She searched around for a horse that had “Champ” on their rug or a grey horse. She found many amazing horses, but no Champ or grays. She leaned into the front seat, she saw her father had a smile on his face. This was unusual when he was looking at horses. The car pulled up and the girl got out, her aunty and father got out and stretched their legs. 
The girl saw the horse’s owners who she had spoken to many times on the phone and knew through her fathers work. 
“Come meet Chinga,” the owners said as they lead the girl over to a paddock that didn’t have as much grass in it. The paddock had two young, skinny *Thoroughbreds*in it they stood close together. They were bay and looked nothing like the horses her father and the owner had told her about.
“Dad?” The girl asked looking up to her father for an explanation.
“Maddie, this is Chinga we made up the whole grey thing because we wanted it to be a surprise,” He replied looking at his daughter as one of the bays, the taller one came over and sniffed his arm that he had resting on the fence.
“Okay,” Maddie replied, this is all she had to say.
“Hey buddy, your looking for another carrot aren’t you well Maddie’s got one in the car for after your ride if you’re good,” He said rubbing the horse on the forehead.
This shocked Maddie, she’d never seen her father act like this with a horse. She knew that her dad had been coming and giving Chinga carrots when he came to pick the guys up for work but Chinga looked so sweet with him.


----------



## ChingazMyBoy (Apr 16, 2009)

Not sure why Thoroughbred came up in bold.


----------



## ChingazMyBoy (Apr 16, 2009)

Maddie looked over the horse, he was a dull bay. He had no spirit in his eyes. Maddie thought that he was going to be a boring, lazy horse that she would never be able to just let him go and he would run.

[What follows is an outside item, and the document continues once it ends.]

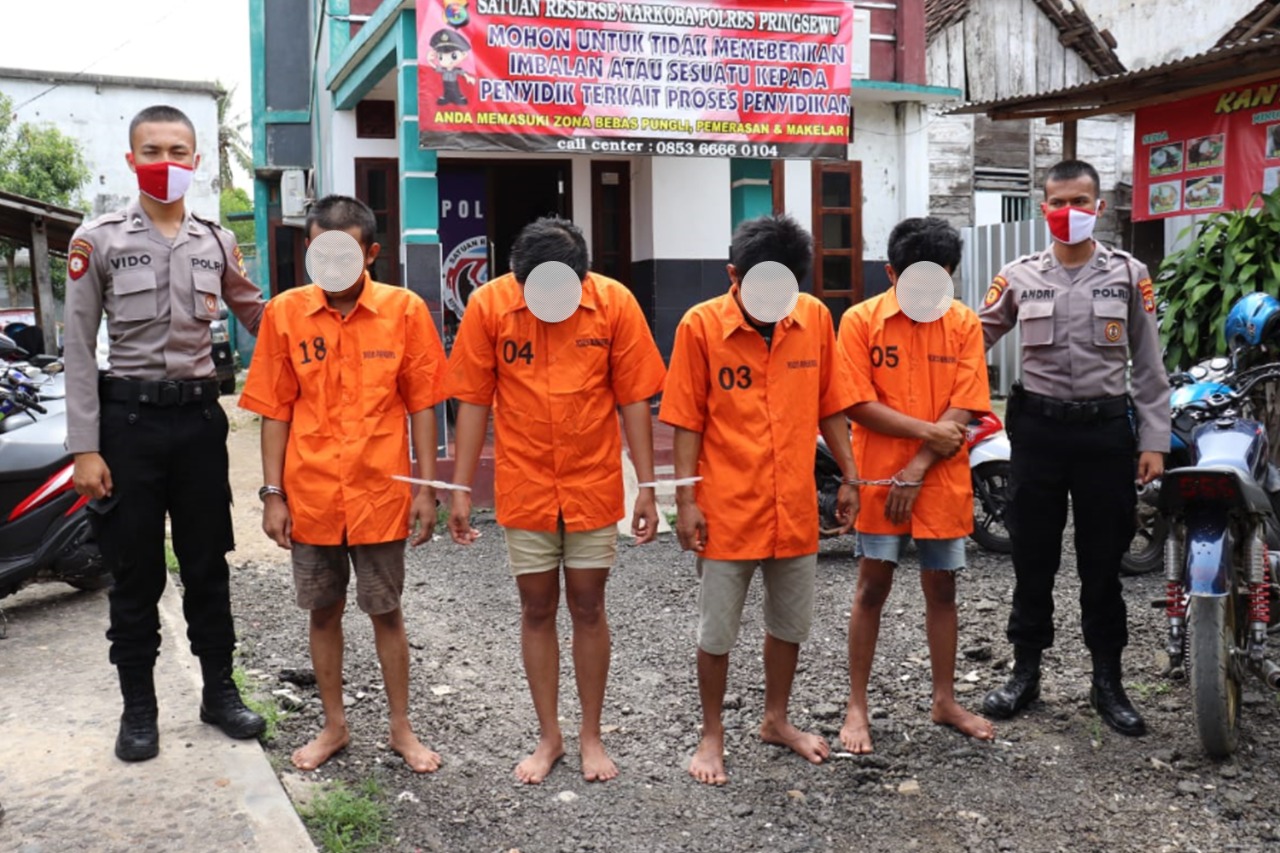 Kasat Narkoba Iptu Dedi Wahyudi, SH mewakili Kapolres Pringsewu AKBP hamid Andri Soemantri, SIK menjelaskan Rangkaian penangkapan ke empat tersangka dimulai dari tersangka RS, NR dan F als Ateng kami lakukan penangkapan dirumah tersangka RS tepatnya di pekon Pujodadi kec. Pardasuka Kab. Pringsewu pada hari Selasa 05 Mei 2020 jam 20.00 wib, saat dilakukan penangkapan ketiga pelaku diduga tengah mengkonsumsi sabu dan Saat dilakukan penggeledahan didapatkan barang bukti berupa satu buah kaca pirek bekas pakai dan alat hisap sabu serta dua unit handphone.

The owners walked off, she had heard her dad talking to them but she hadn’t been listening. They came back with a saddle, saddle blanket and a bridle. He had a dullish saddle blanket. It had the wonderful colour of grey. Maddie then decided that he was going to have a bright saddle blanket if he became hers.

She watched as the owners saddled him up, he stood quietly while they did up his girth. There was only one problem, he hated the bit. He threw his head as high as he could and tried to back away. Maddie sighed. She’d dealt with horses who didn’t like the bit before and she knew how hard it was to get them to like the bit. 

It was time for Maddie to mount, the owners had said he stood quietly while people mounted, but to make sure Maddie held her reins firmly. She bounced on the ground one, two, three, go. She mounted like an idiot. Chinga threw his ears back and pranced around. 

“Steady boy, Steady,” She said to him giving him a pat. 

Soon after that he quieted down, Maddie felt like an idiot she could imagine her sister saying “Way to make an entrance”. Maddie asked for a walk, she could feel everyone’s eyes on her. Maddie wasn’t worried she had ridden in gymkhanas and competitions.

Maddie asked for the trot, she sat a few strides then started to rise. She looked down at his leg, she saw she had gotten the right lead. Wow he must be wonder horse. She trotted him around a bit in both directions, doing sitting and rising trot. She liked his trot, he was trippy even with contact but responded to leg well. Maddie asked for a walk and walked him back over to his owners.

“What do you thing Mads?” Asked her dad.
“Yeah his a lovely horse,” She replied, she had enjoyed the ride but she wasn’t sure if he was the horse for her. He needed a lot of work and she wasn’t sure if she was ready for it.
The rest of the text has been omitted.